0
votes

I'm experiencing issues querying a large graph involving repeat steps that aim at making "hops" across vertices and edges. My intention is to infer indirect relationships between objects. Consider the following:

John--livesIn-->Paris

Paris--isIn-->France

What I expect to come up with is that John is based in France. Simple enough, and this works great with a small data set.

The query that I use is the following, where I make no more than 2 hops:

g.V().has('name','John')
.emit(loops().is(lt(2)))
.repeat(__.bothE().bothV().simplePath())
.inE('isIn').outV().path()

This is working as expected, until I apply this to a graph made of about 1000 vertices and 3000 edges. Then, after a few minutes, I get various kinds of error (over the REST API) with no clear logic:

  • Error: Error encountered evaluating script
  • Error: 504 Gateway Time-out
  • Error: Java heap space
  • Error

I suspect that I am doing something wrong in my query. For exemple, setting the number of "hops" to 1 (direct relationship) with .emit(loops().is(lt(1))), I would expect the results to be delivered swiftly since it would not go into the repeat loop. However, this triggers the same issue.

Many thanks for your help!

Olivier

1

1 Answers

3
votes

So it looks like you have a few things going on here. First let me take a shot at answering your question then let's look at why your traversal may be taking a long time to complete.

Based on your description of wanting to return John and France the following traversal should get your data:

g.V().has('name','John').as('person')
out('livesIn')
.out('isIn').as('country').select('person', 'country')

That will select all countries that a person named 'John' lives in.

Now to understand why your traversal was taking a long time. First, you are using several steps which are very memory and resource intensive such as bothE and bothV. Each of these steps navigate the relationship in both directions.

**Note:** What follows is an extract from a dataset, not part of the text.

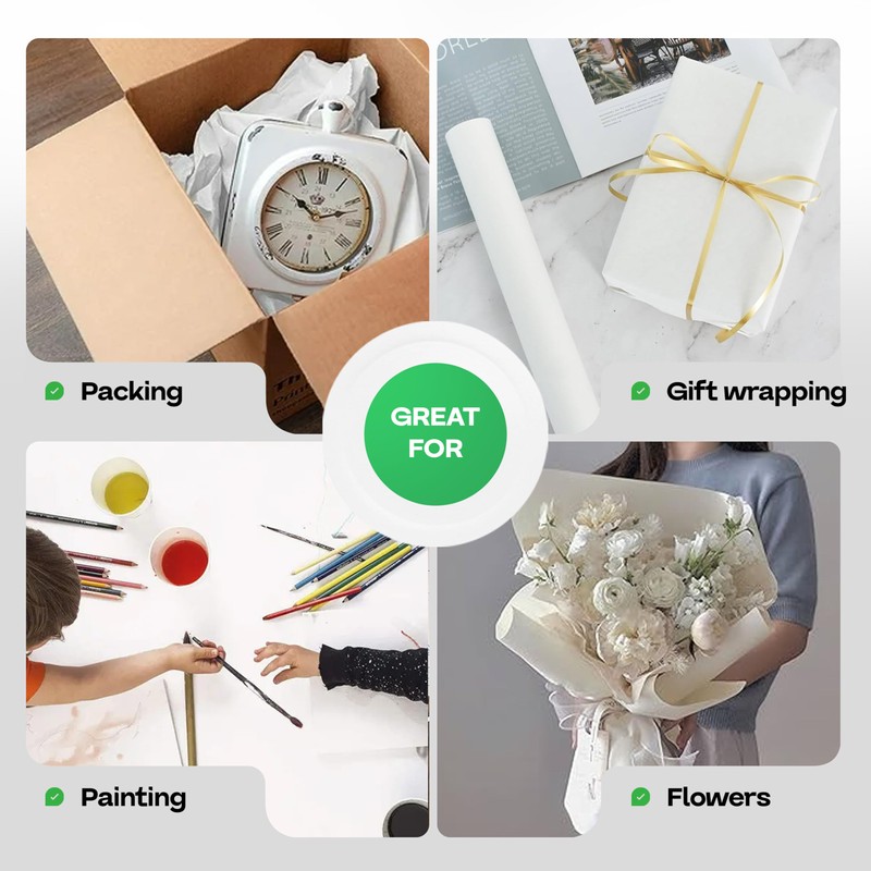 • EFFICIENT PACKAGING SOLUTION: Protect your goods during transport or storage with our roll of white paper. Its flexibility allows it to perfectly fill voids and absorb impacts, protecting objects from damage and preventing moisture condensation.

Since you know the direction of the edge you are trying to traverse is out in both cases it is much quicker and less resource intensive to just use an out edge as this will traverse the specified edge name (if supplied) and end you on the adjacent vertex. Additionally, the simplePath step is another resource (specifically memory) intensive step as it must track the path value for each traverser until it contains repeated objects at which time it is dropped. This combined with the extra traversers created by the usage of loops and bothE and bothV is likely the cause of the slow query. I suspect that the query above will perform significantly better.

If you would like to see exactly what your query is doing I would suggest taking a look at the explain and profile steps which provide detailed information on your queries performance.